Exercise aim »
Images are to be excluded, and the rest of the data repeated exactly.

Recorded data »
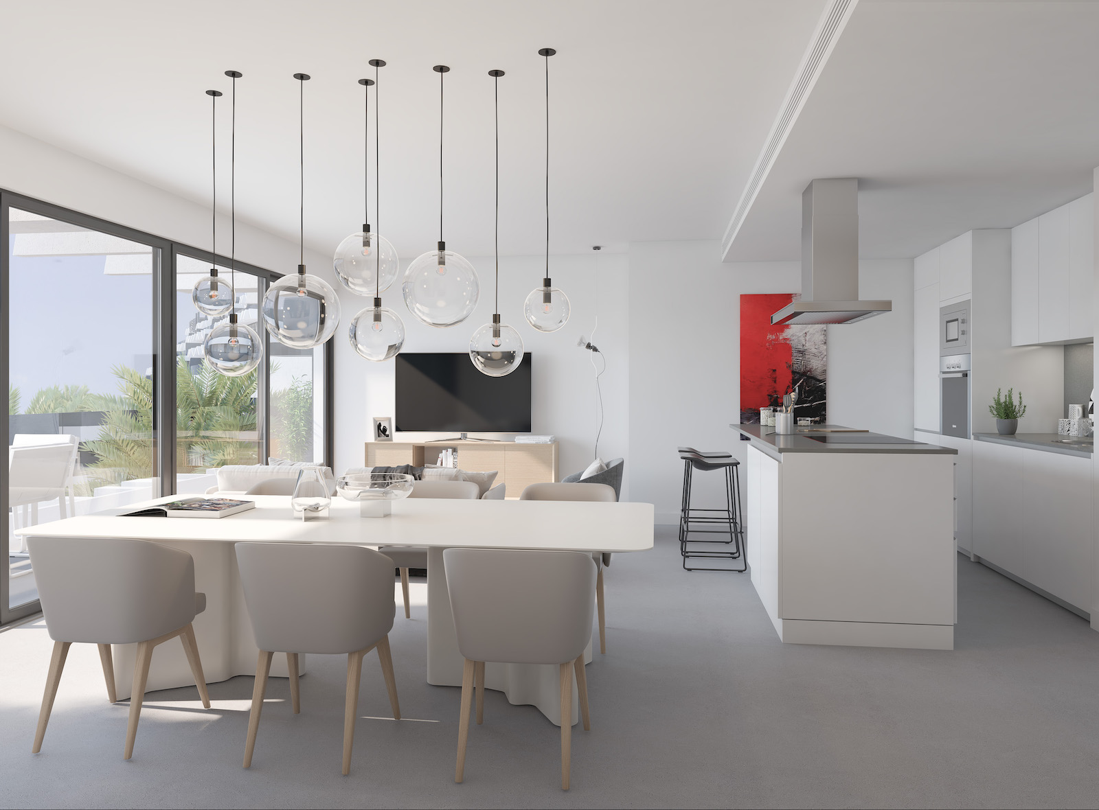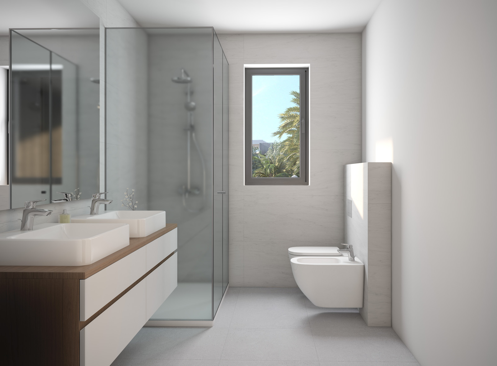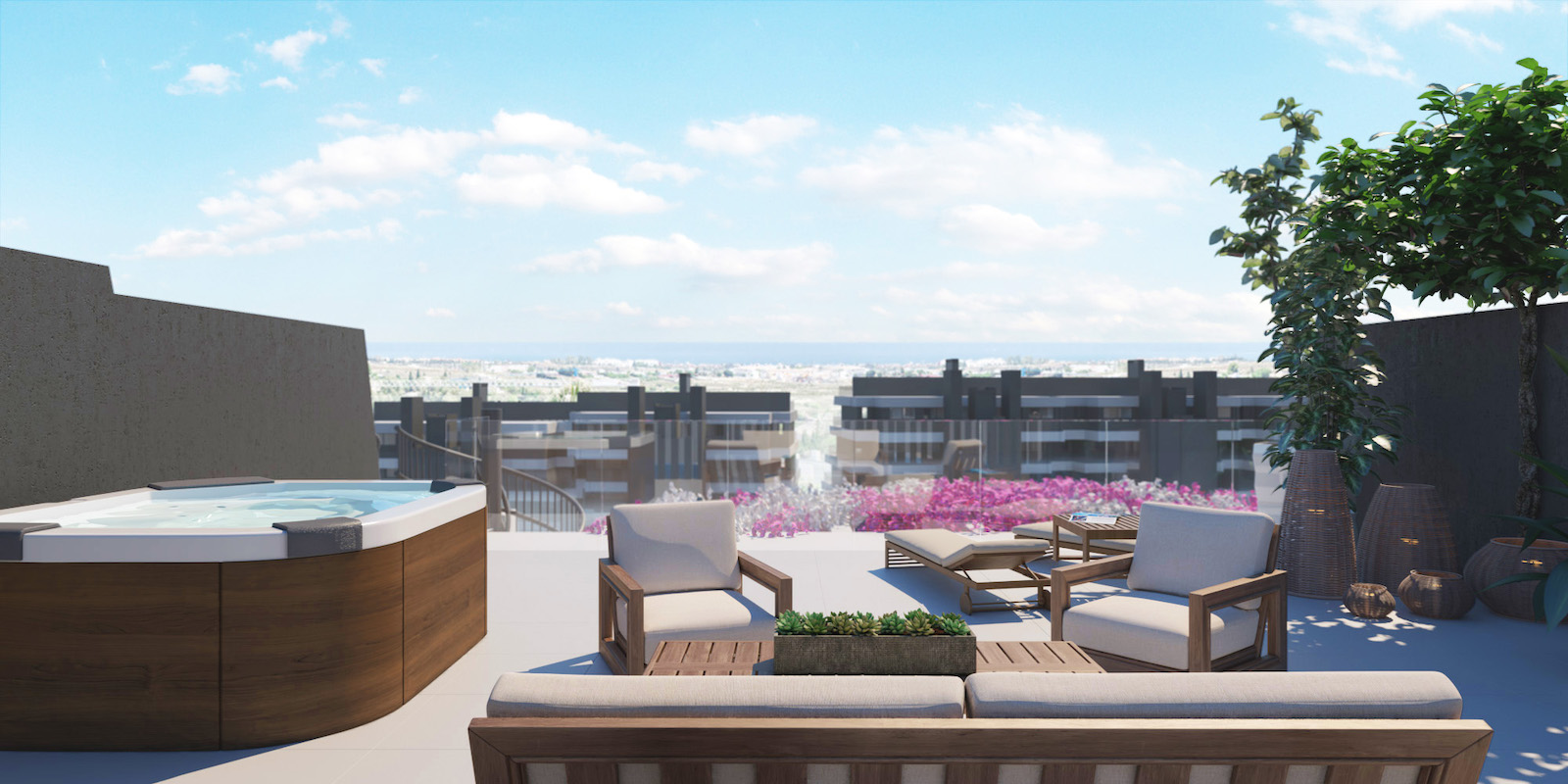 The penthouses of Oasis 325 are vantage points on the landscape of Estepona. Their terraces with solarium are integrated as one more element of their distribution. The borders between the outside and the inside are blurred, so you can enjoy the best design with panoramic views.
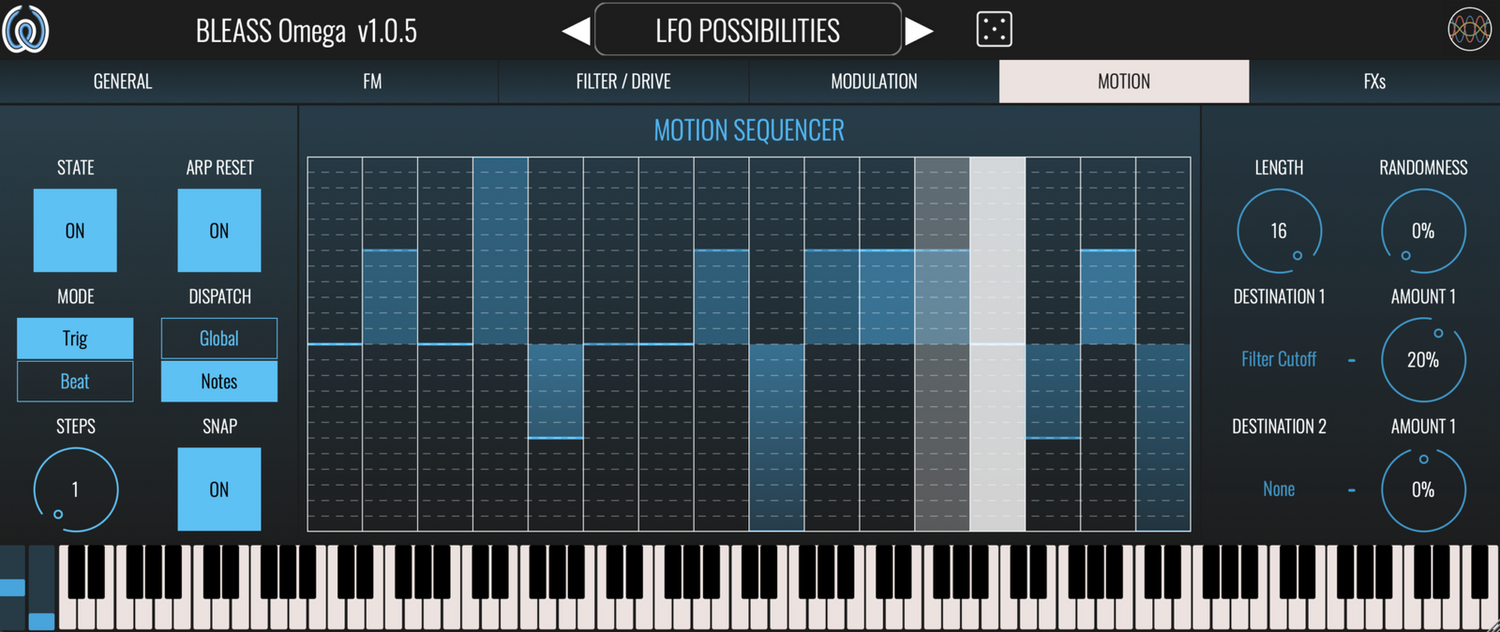 - MOTION SEQUENCER: A unique feature that generates rhythmic movement and repeating modulation patterns assignable to various parameters.
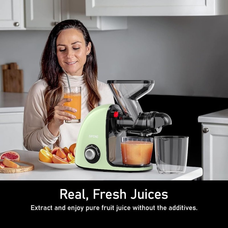 - [More Juice, Less Waste with Superior Cold Press Technology] - Extract the best out of your fruits and veggies with SiFENE's advanced low-speed cold press technology. Running at 80 RPM, it effectively deters foam build-up, reduces clogging and delivers a fresh, nutrient-rich juice!
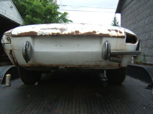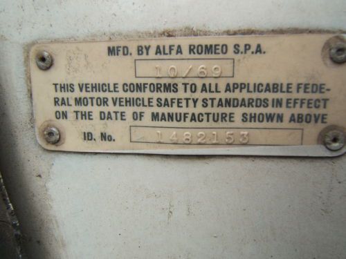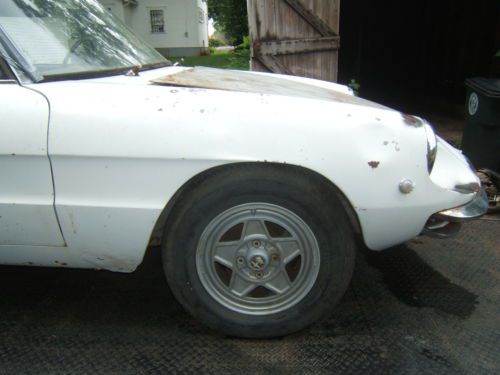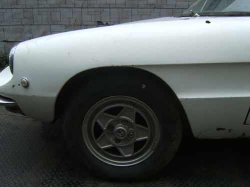 1969 Alfa Romeo Duetto. Might be a Canadian or Euro car, has the round side markers? Pretty rusty and weathered but savable for the motivated. NO TITLE Bill of Sale only. Bill of Sale only! Car was driven onto a trailer less than a year ago using an auxiliary fuel tank. Since that time a good used factory fuel tank was installed but not hooked up yet. I have made no attempt to start the car now. I bought this from a long term friend, he says it actually ran good when put on his trailer. IE I think the motor is decent. The trim pieces not on the car are in the trunk: bumpers, windshield trim and taillights. Also the airbox. No soft top frame. True miles uncertain. Correct steel wheels included. Nice Campy 5 stars on the car but the lugnuts/bolts are not correct. Extra trunk lid in slightly better condition included. Please have a good look at the photos, I can try to get others if needed. What you see is what you get, please ask questions if uncertain. Thanks for looking!
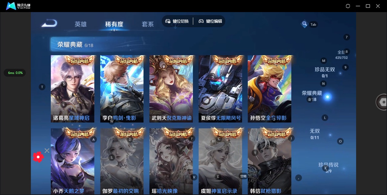 - [11820046]V6 3珍品传说 4传说 98英雄 98皮肤 可修改实名 优质装备:江户川柯南,怪盗基德,器灵·落星盏 传说皮:幻光神枪 限定皮:愿照·九州拓(澜年限),愿照·岁时盈(虞姬年限),逐霄战戟,鸣野蒿 史诗皮:鸭鸭历险记-刘禅,器灵·浮梦炉,糖绘人间,化蝶舞,星界战将,龙之律动,茶境仙,破空之剑,芈月浮光幕影,蔬乡物语(鲁班七号),百相守梦-百里守约,星界特工,紫霞仙子,苍穹之光,蒙恬荣光圣徽,偶像歌手,猫狗日记-孙策,女仆咖啡,水果甜心,星夜王子,暗隐猎兽者,幽灵船长,鬼剑武藏,乐园奇幻夜,舞动绿茵,地狱岩魂,曙光守护者,金属风暴,鹰眼统帅,魅力维加斯,天秀·音浪
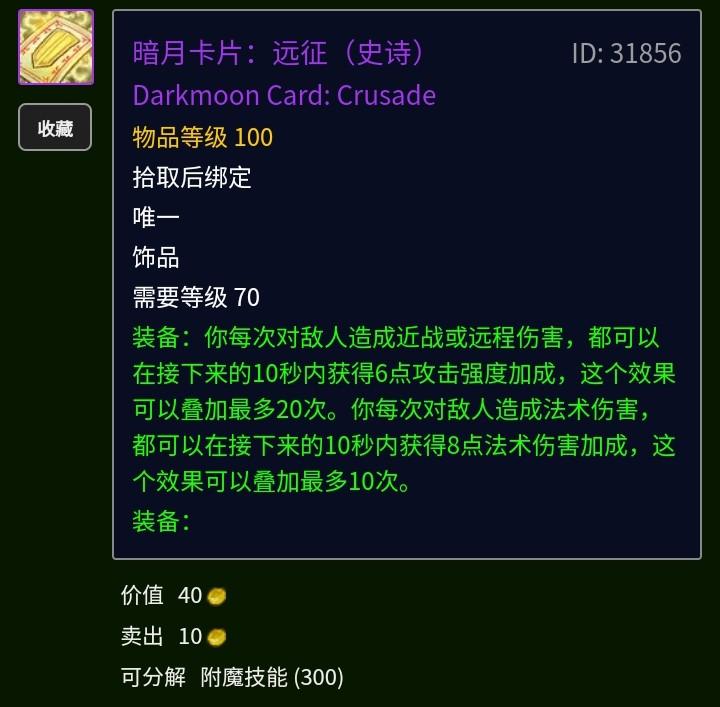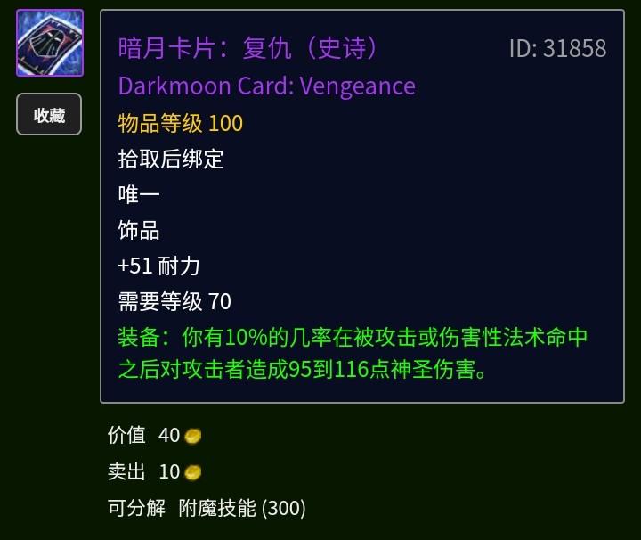 这个基本全是70暗月饰品最亮眼的,可以弥补战士T群啦的短板,但是战士T的效果不如熊和防骑,防骑带人必备,便宜尽快入手
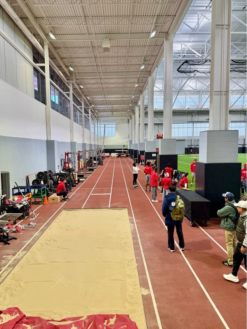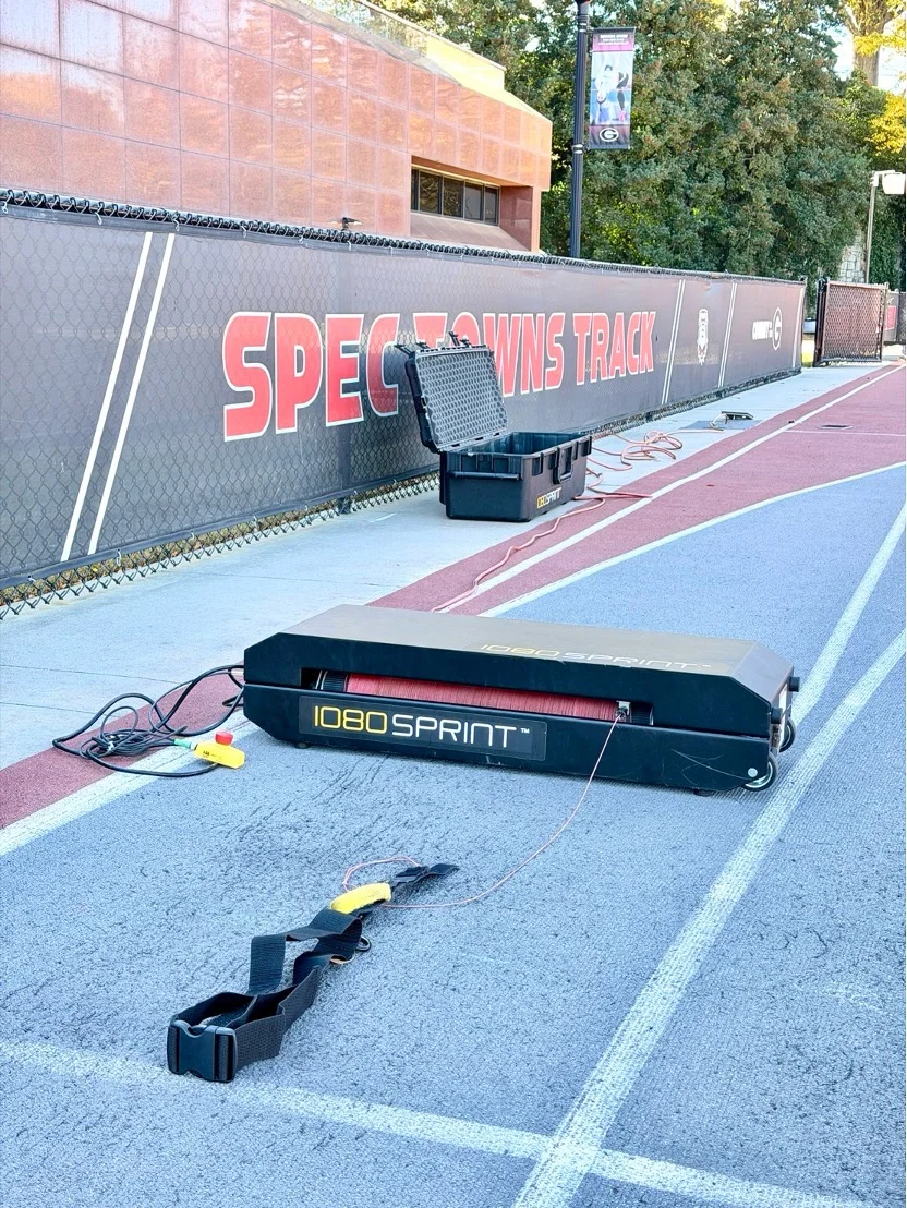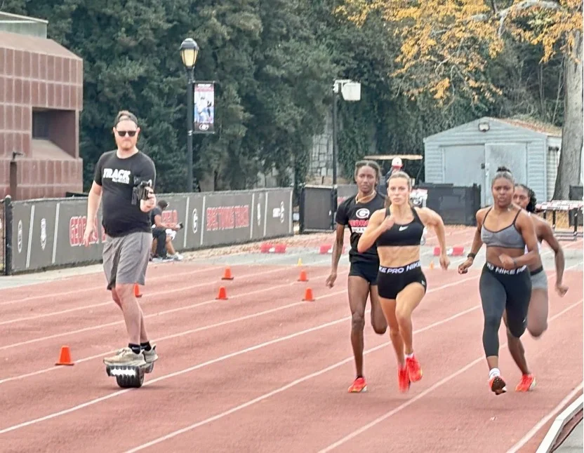首先,UGA 訓練場館的完善程度遠超過大家的想像。室內外跑道、重量訓練室、恢復區、運動科學測量設備等,都完整且專業,深深體會到「科學化訓練」在美國大學田徑競技運動中的重要地位。每一項訓練、從每一次熱身都有明確目的,教練也會依選手狀況設計規劃調整,而不是盲目追求質量或速度。
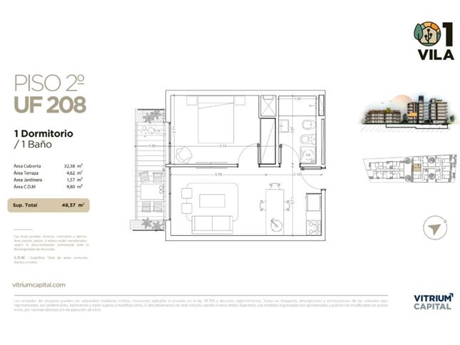 1 DORM1 BAÑO49 m² SUP.33 m² EDIF.1 Garaje

Solution »
 The penthouses of Oasis 325 are vantage points on the landscape of Estepona. Their terraces with solarium are integrated as one more element of their distribution. The borders between the outside and the inside are blurred, so you can enjoy the best design with panoramic views.
 - MOTION SEQUENCER: A unique feature that generates rhythmic movement and repeating modulation patterns assignable to various parameters.
 - [More Juice, Less Waste with Superior Cold Press Technology] - Extract the best out of your fruits and veggies with SiFENE's advanced low-speed cold press technology. Running at 80 RPM, it effectively deters foam build-up, reduces clogging and delivers a fresh, nutrient-rich juice!
 1969 Alfa Romeo Duetto. Might be a Canadian or Euro car, has the round side markers? Pretty rusty and weathered but savable for the motivated. NO TITLE Bill of Sale only. Bill of Sale only! Car was driven onto a trailer less than a year ago using an auxiliary fuel tank. Since that time a good used factory fuel tank was installed but not hooked up yet. I have made no attempt to start the car now. I bought this from a long term friend, he says it actually ran good when put on his trailer. IE I think the motor is decent. The trim pieces not on the car are in the trunk: bumpers, windshield trim and taillights. Also the airbox. No soft top frame. True miles uncertain. Correct steel wheels included. Nice Campy 5 stars on the car but the lugnuts/bolts are not correct. Extra trunk lid in slightly better condition included. Please have a good look at the photos, I can try to get others if needed. What you see is what you get, please ask questions if uncertain. Thanks for looking!
 - [11820046]V6 3珍品传说 4传说 98英雄 98皮肤 可修改实名 优质装备:江户川柯南,怪盗基德,器灵·落星盏 传说皮:幻光神枪 限定皮:愿照·九州拓(澜年限),愿照·岁时盈(虞姬年限),逐霄战戟,鸣野蒿 史诗皮:鸭鸭历险记-刘禅,器灵·浮梦炉,糖绘人间,化蝶舞,星界战将,龙之律动,茶境仙,破空之剑,芈月浮光幕影,蔬乡物语(鲁班七号),百相守梦-百里守约,星界特工,紫霞仙子,苍穹之光,蒙恬荣光圣徽,偶像歌手,猫狗日记-孙策,女仆咖啡,水果甜心,星夜王子,暗隐猎兽者,幽灵船长,鬼剑武藏,乐园奇幻夜,舞动绿茵,地狱岩魂,曙光守护者,金属风暴,鹰眼统帅,魅力维加斯,天秀·音浪
 这个基本全是70暗月饰品最亮眼的,可以弥补战士T群啦的短板,但是战士T的效果不如熊和防骑,防骑带人必备,便宜尽快入手
首先,UGA 訓練場館的完善程度遠超過大家的想像。室內外跑道、重量訓練室、恢復區、運動科學測量設備等,都完整且專業,深深體會到「科學化訓練」在美國大學田徑競技運動中的重要地位。每一項訓練、從每一次熱身都有明確目的,教練也會依選手狀況設計規劃調整,而不是盲目追求質量或速度。
 1 DORM1 BAÑO49 m² SUP.33 m² EDIF.1 Garaje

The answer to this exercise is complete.